An untimely diplomatic spat erupted between Pakistan and the United States yesterday after it emerged that an FBI sting to snare two leaders of a mosque on terrorist-related charges in Albany, New York, was built around a purported plot to assassinate the Pakistani ambassador to the United Nations.
The two suspects, Mohammed Hossain, the founder of the small, shop-front mosque, and its prayer leader, Yassin Aref, were arrested last week. Prosecutors said that they were lured by an FBI informant into agreeing to launder money after being told it would later be used to buy a shoulder-launched missile to kill the UN envoy.

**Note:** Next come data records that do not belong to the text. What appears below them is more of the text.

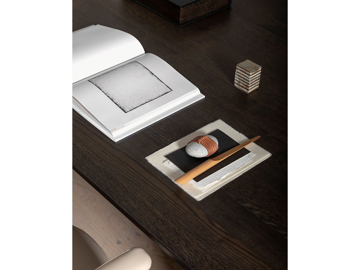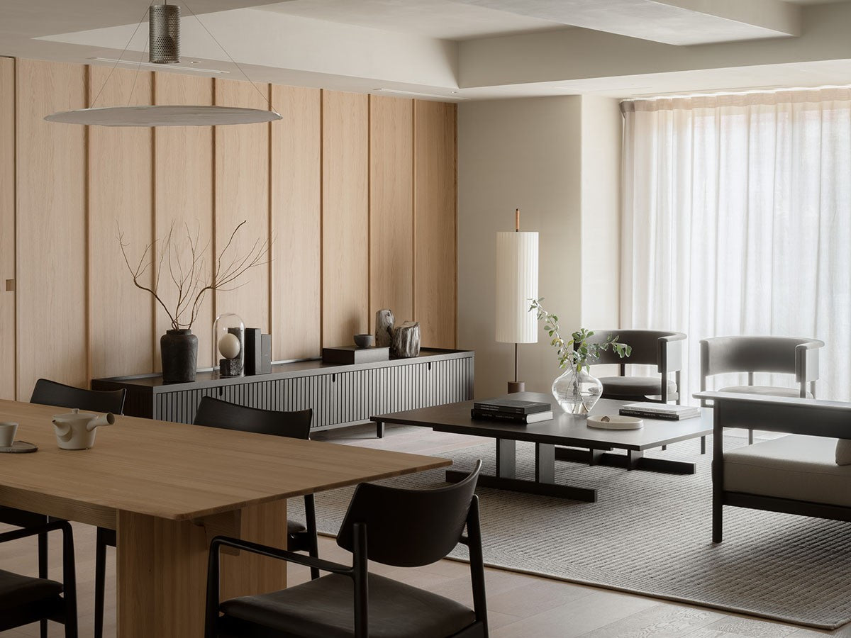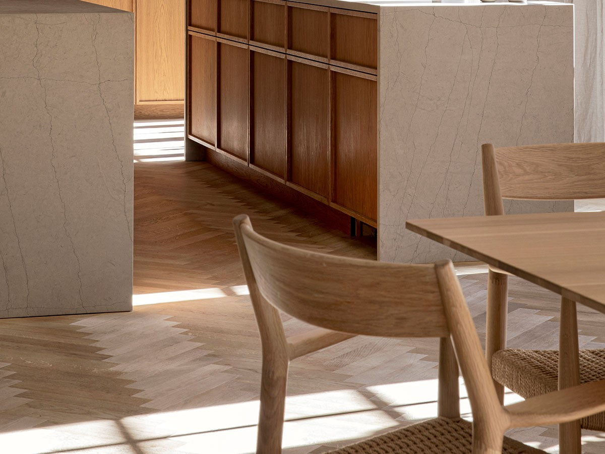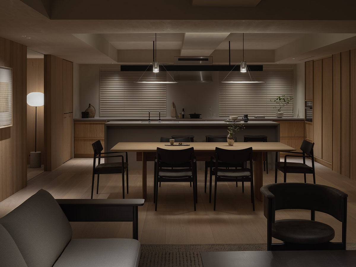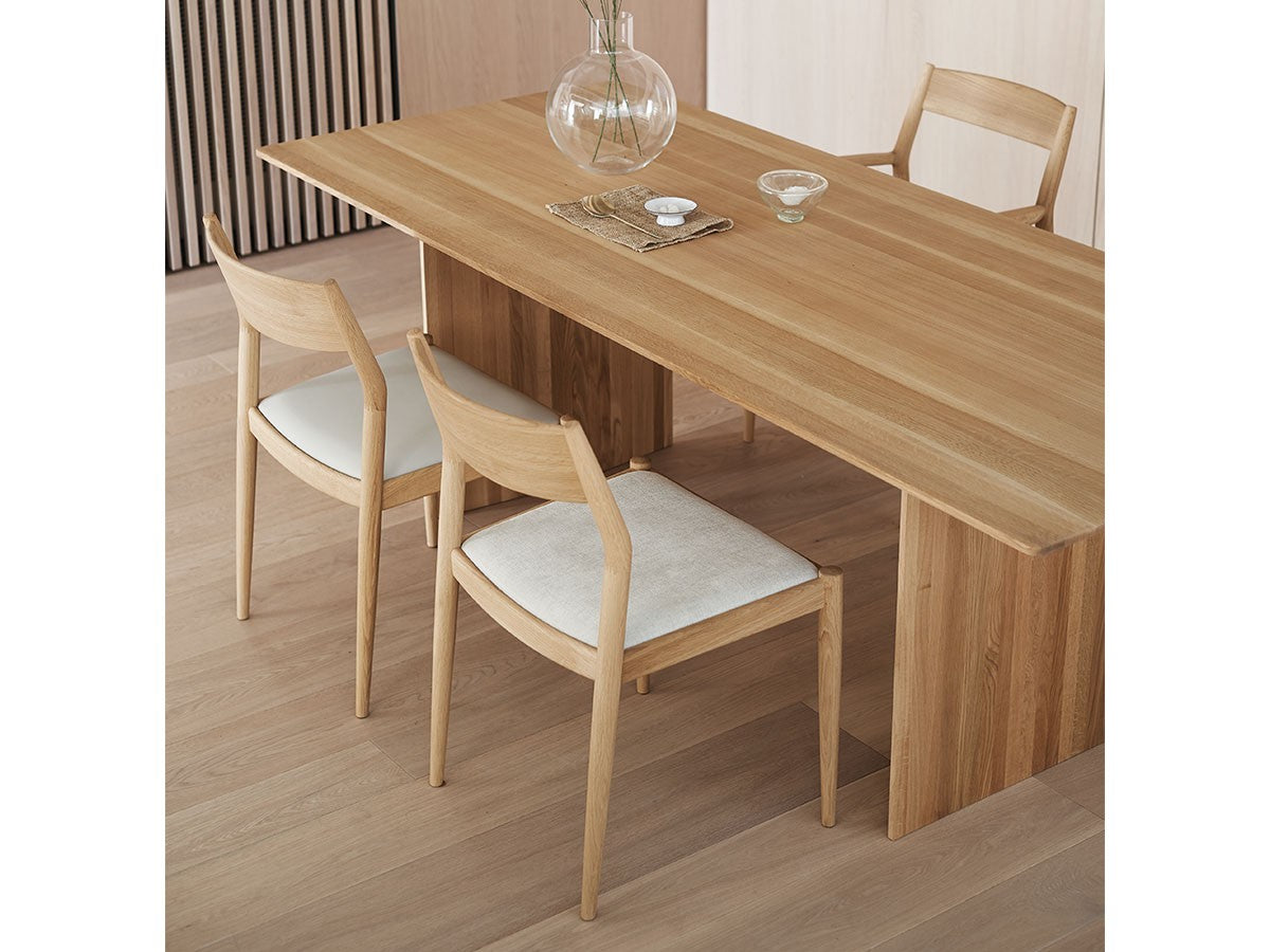 軽さと重さを感じさせるそれぞれの要素のバランスが美しい、木の枝を想起させるダイニングテーブルです。特定の角度から見れば薄く軽い印象を与えますが、機能的で頑丈な側面も感じさせます。ノーム・アーキテクツの他の建築と同様に、影が描き出す空間が意識されています。家具の中に光が差し込むことで、素材やディテールが強調されます。天板は巾剥集成材のナチュラルな素材感を重視。脚部分は、組立金具を表面に見せないこだわりの組構造を採用しています。ご自宅からオフィスシーンまで幅広く対応する4サイズ展開です。
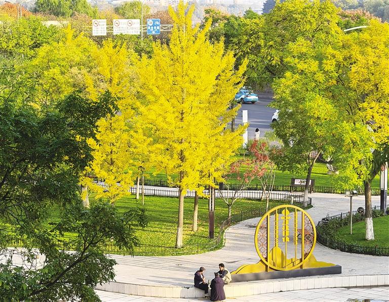 初秋時(shí)分,市民在銀杏樹下拍照打卡
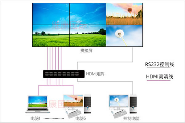 在實際應用中,會議大屏上面一般只需要顯示一個畫面,這時只需要搭配一個分配器控制就可以。但是有些時候還會輸出多個電腦的信號,分別顯示在不同的區域,這時就需要使用數字矩陣,如需要4臺電腦信號輸入,共12塊大屏,那么可以采用一臺4進12出的HDMI高清矩陣,這樣就可以任意切換各個信號源在某一塊或相臨的幾塊屏幕上顯示。
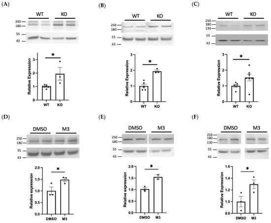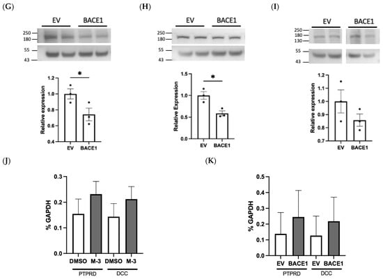 DCC, also identified as a novel BACE1 substrate, was significantly increased 1.53-fold (p < 0.05) in BACE1−/− BECs and following M-3 treatment (1.29, p < 0.05) (Figure 7C,F). BACE1 overexpression produced modest but non-significant changes in DCC expression in hCMEC/D3 (Figure 7I). PTPRD and DCC gene expression in hCMEC/D3 was not altered by BACE1 inhibitor treatment or overexpression (Figure 7J,K).
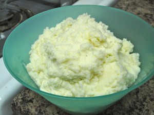 Do this to starchy potatoes: peel, dice, put in pot, cover with cold water, boil, cook till tender, drain, mash. Now here’s the important part: add tons of butter, heavy cream and salt. Do it little by little, each time pushing the limits of fat and sodium. Just when you’re on the brink of insanity, that’s when you stop. The point is to taste buttery, creamy, salty potatoes, but not taste just heavy cream, butter and salt. The three elements should meld together to your tastes for indulgent mashed potatoes that rival any decent restaurant.
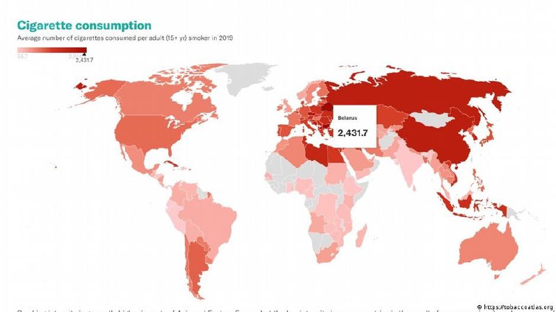 Беларусь оказалась в числе лидеров по потреблению сигарет. Исследование "Tobacco Atlas" Иллинойсского университета в Чикаго изучило ситуацию с курением в мире. Вот несколько цифр:
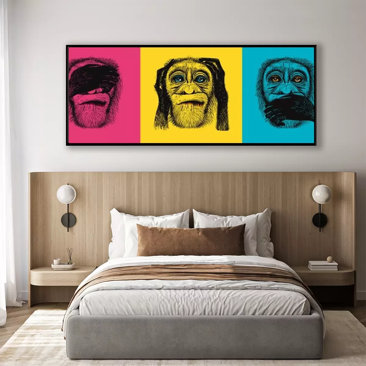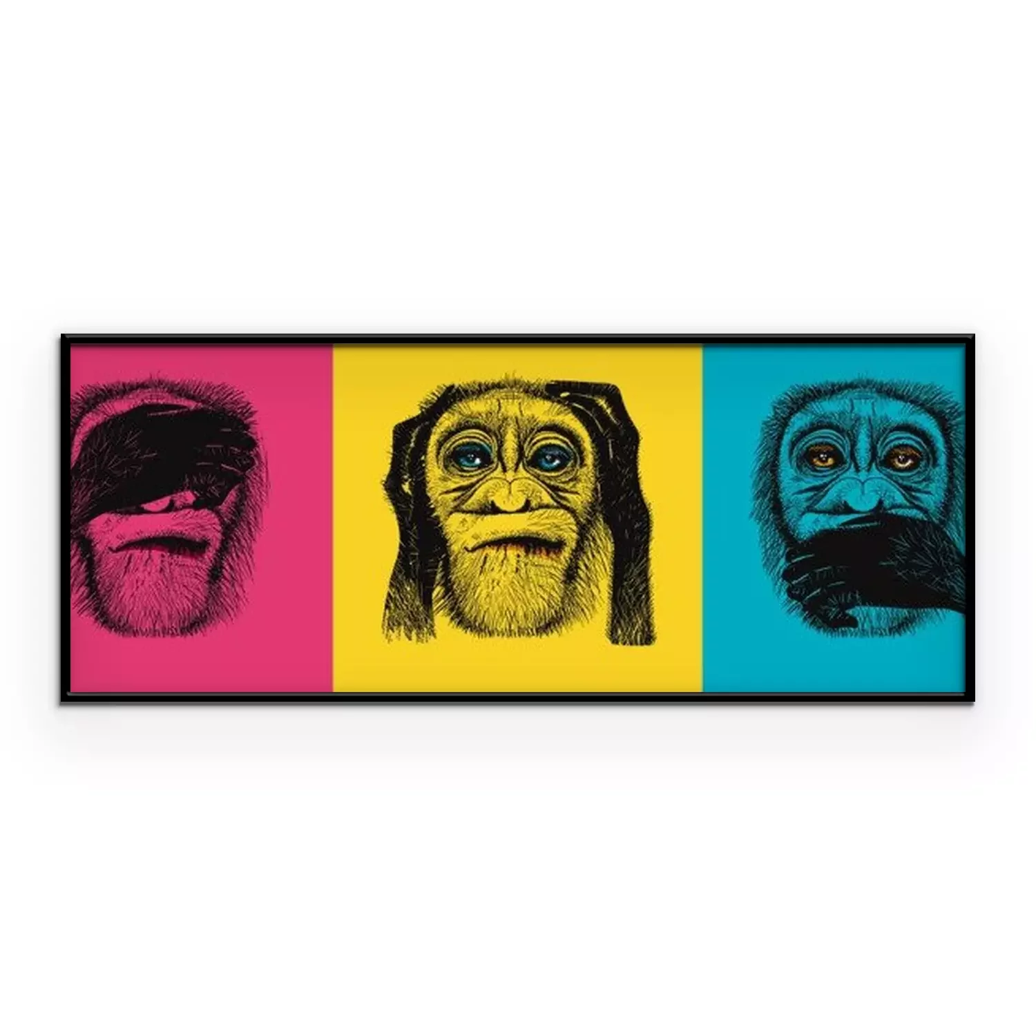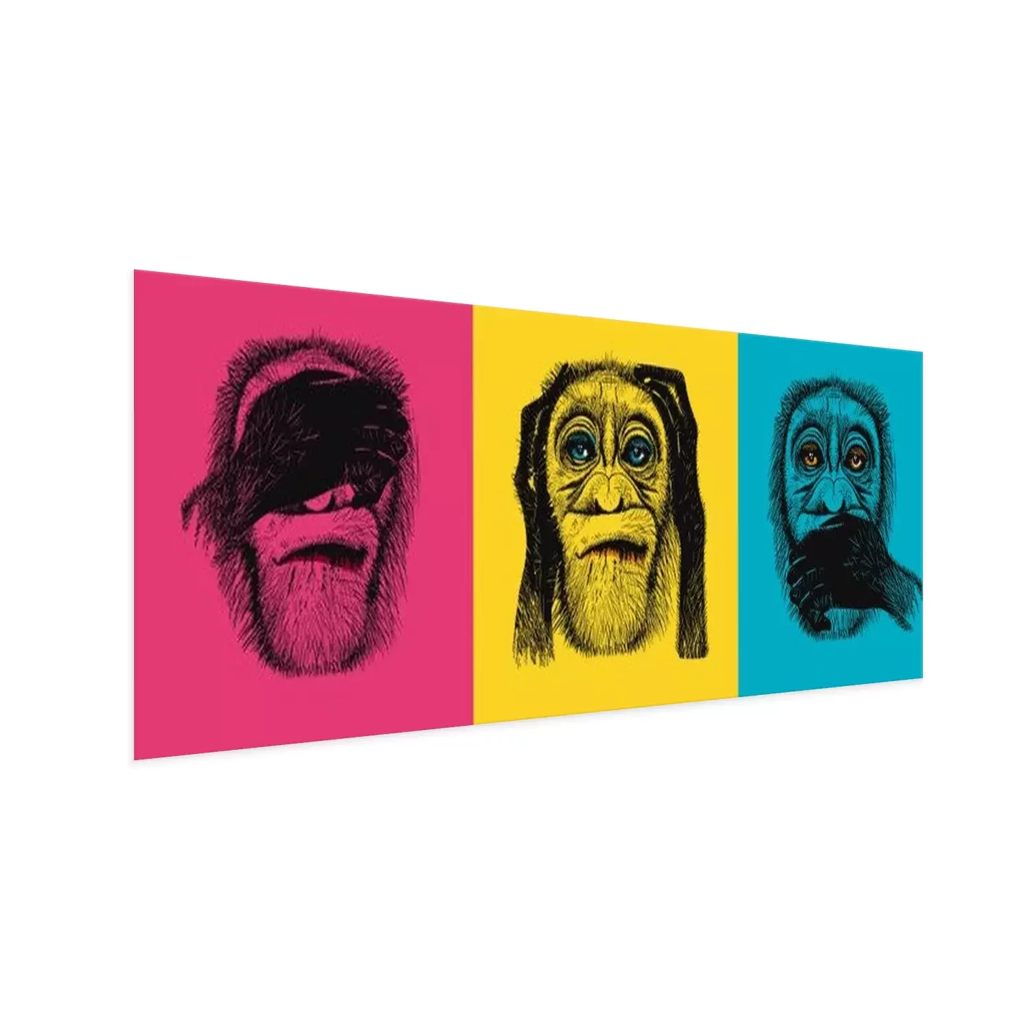 Poster: Drei weise Affen auf buntem Hintergrund im Pop-Art-Stil
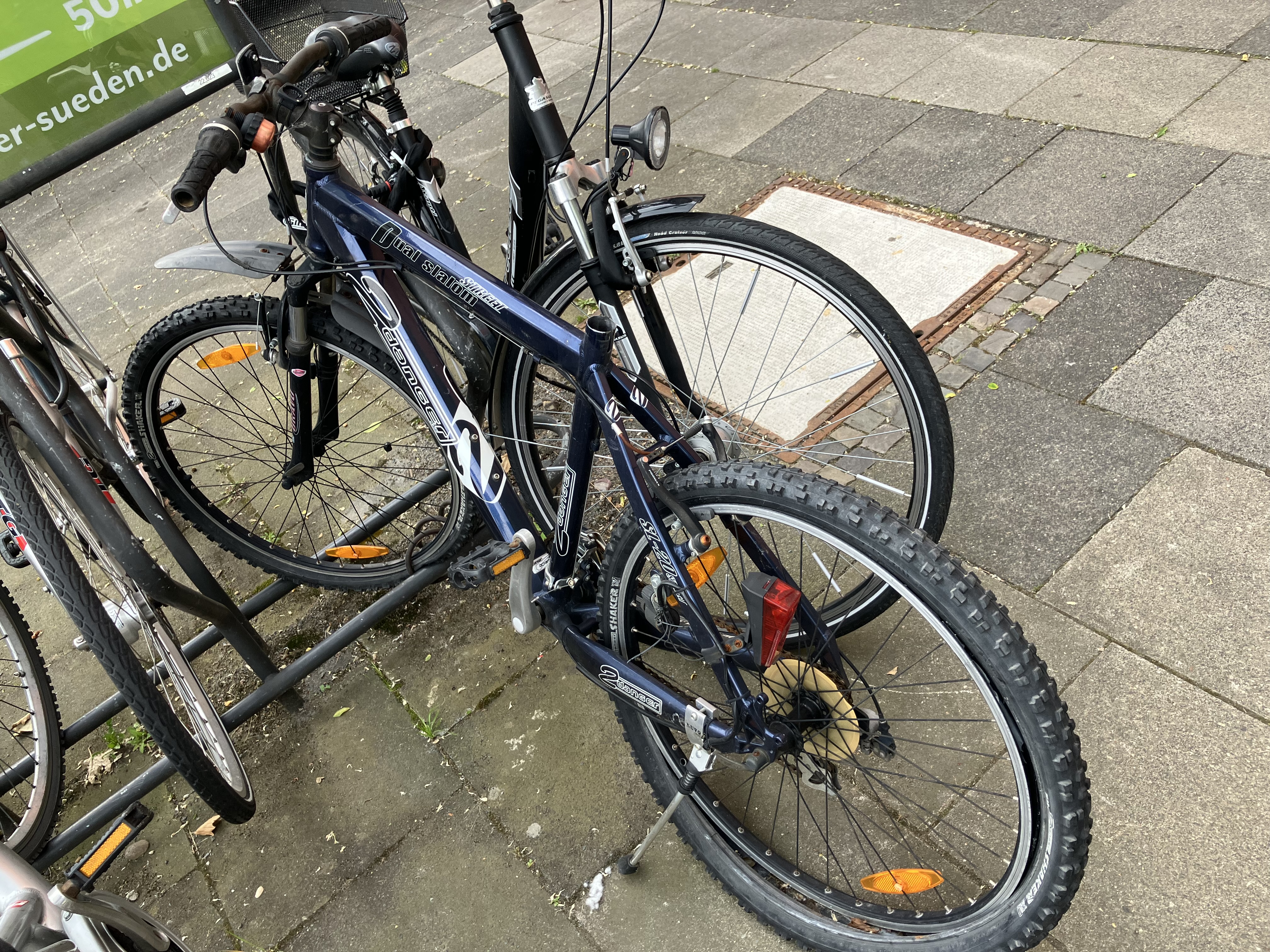 Schrottreifes blaues Mountainbike am Fahrradständer Gottesweg/Ecke Vorgebirgstr.

But the plot against the ambassador, Muneer Akram, never existed and was purely a concoction of the FBI to trick the suspects. However, Pakistan officials said the notion of setting up their diplomat in New York as the purported target of the plot was "mind-boggling". The row comes at a time when both governments have been anxious to trumpet improved relations. In recent days, Washington has been at pains to applaud Pakistan's leadership for stepping up co-operation on countering terrorism. It was information seized by Pakistan that exposed new information about purported al-Qa'ida reconnaissance on financial buildings in the United States and triggered the recent elevation of America's terrorist alert.
But there was no attempt by Pakistani officials in Islamabad to disguise their astonishment at the nature of the Albany sting, which is not connected to the new terror alerts. "It is mind-boggling why they could not use the name of an American functionary," Masood Khan, a Foreign Ministry spokesman, said at a news conference.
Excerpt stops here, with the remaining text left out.